A better approach would be to run tools like snort and chkrootkit to monitor what is happening on the machine...  although if the attack is sophisticated and targeted at you (unlikely) they could modify your logs.  Most attacks, however, are automated and unsophisticated.

My best advice is to make sure you don't have a bunch of remote ports open on your machine, or firewall them off with shorewall.  Don't run ssh on a default port, and/or make sure your user accounts have strong passwords...  or better yet make remote services only available via openvpn (if possible in your situation).  ...and as long as you aren't downloading and executing scripts from the web browser, you should be quite safe.

----------

## mr.sande

If you want to check other system hardening / audit tools I recommend lynis and yasat (which is a "fork" of lynis). yasat can give a lot of information about your configuration, almost too much at times, but I find a valuable tool for system hardening and config checking.

----------

## aCOSwt

 *mikegpitt wrote:*   

> It doesn't protect against a system intrusion, but only tells you if one happened...

 

Exact !

But being said that my imagination in intrusion techniques is definitely under the level of a n00b, I believe I am definitely condemned to post-activity   :Rolling Eyes: 

The main point for me is not to have to throw everything away if something happened. If need a way to trust in my backups.

 *mikegpitt wrote:*   

> A better approach would be to run tools like snort and chkrootkit to monitor what is happening on the machine... 

 

Hmmm... I recently provided some basic help in some international subforum here to someone who had his sendmail sending spams via ssh.

He incidentally found the rootkit but chkrootkit had not seen anything wrong.

I am nevertheless interested in snort. The only thing I wonder about is if this tool is likely to do more (in prevention) than what I was doing spoilting my eyes and my brain with tcpdump.

 *mikegpitt wrote:*   

> although if the attack is sophisticated and targeted at you (unlikely) they could modify your logs.

 

Well... I just cannot afford being paranoid...   :Cool: 

 *mikegpitt wrote:*   

> My best advice is to make sure you don't have a bunch of remote ports open on your machine

 

This is a good advice indeed. I think I have done the maximum I could do but I am not sure either about the exhaustiveness of my work.

Is there some tool somewhere to control this ?

 *mikegpitt wrote:*   

> or firewall them off with shorewall

 

I use iptables with about half a dozen of very basic homemade rules. Do you mean that shorewall would be more efficient ?.

 *mikegpitt wrote:*   

> Don't run ssh on a default port

 

Well I think I am only using tcp port 22.   :Confused:   Is there a way to be dead sure ?
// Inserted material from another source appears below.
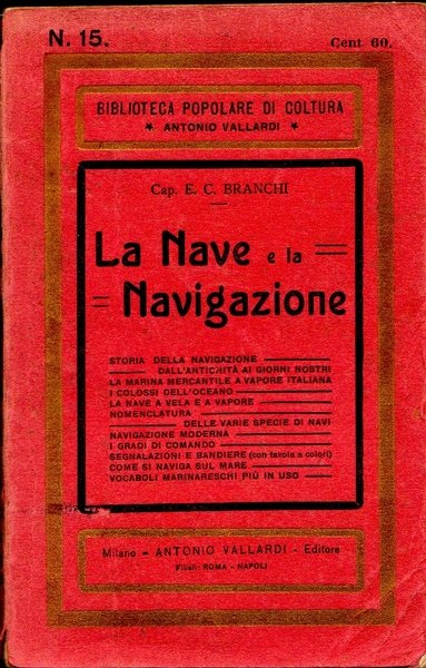 La nave e la navigazione. Storia della navigazione (…) con molte incisioni e una tavola a colori.

BTW my use of ssh as protocol is mainly restricted to tunneling pop3

My biggest concern is around ftp that I still need to use.   :Sad: 

 *mikegpitt wrote:*   

> make sure your user accounts have strong passwords

 

 :Laughing:  I was sure ! Absolutely sure about this ! ... until... I fell on John-the-ripper... and suggested my son to play sometime with it...   :Shocked: 

 *mikegpitt wrote:*   

> make remote services only available via openvpn

 

I will try it on my FreeBSD server.

 *mikegpitt wrote:*   

> as long as you aren't executing scripts from the web browser, you should be quite safe.

 

Well... as long as I did not disable javascript... I presume that... I do execute scripts from my web browser... don't I ?   :Confused: 

----------

## mikegpitt

Ok, lot's of points to cover   :Smile: 

Running md5sums on your backups is a decent idea, and will ensure their integrity, if not from tampering but also damage.

Snort is an IDS, so it doesn't prevent but it will monitor any odd behavior.  You might get a bunch of false positives, so it will require tweaking.  There might be snort modules that react to certain warnings, but I'm not 100% sure.

Shorewall is just a front end for iptables, so no worries there.  I just happen to like it.

It should be pretty easy to see if you are using port 22 for ssh... just ssh to your machine and if you don't select a different port number then it's using 22.  A lot of automated attacks try to brute force ssh logins on port 22 so it's a good idea to firewall it off or move the port.  Of course if you are usually behind your home router and it doesn't leave any ports open to the outside world then you should be ok there.

If you are usually behind a home router then you might want to run nmap on your external ip address to see what ports might be open.

As for strong passwords, I would suggest a minimum of 8 chars, mixing uppercase, lowercase, and numbers... you can use symbols if you are extra paranoid.  This would only be really necessary if you have remote logins allowed (such as with ssh).

As for the "scripts" I was referring to... I meant if you download executables (or a bash script) and run it without regard for what it does.  That is a bad idea   :Wink:   ...but most gentoo users would be savvy enough to not do that!

BTW - one other thing you might want to look into is tripwire.  Tripwire will monitor your filesystem for changes and lock things down if something occurs.

----------

## aCOSwt

 *mr.sande wrote:*   

> If you want to check other system hardening / audit tools I recommend lynis and yasat

 

Thank you mr.sande for suggesting this.

I tried lynis and... got a score of 46 !   :Cool:  If this is certainly meaningless if associated to a meaning of level of protection, it is certainly meaningful in terms of a what-is-done / what-can-be-done-ratio. This score being additionaly coherent with the a-priori I had about my system.

The good thing is that it suggested a dozen of easy to implement actions.

Surprisingly it apparently did not find my kernel configuration file   :Shocked: 

----------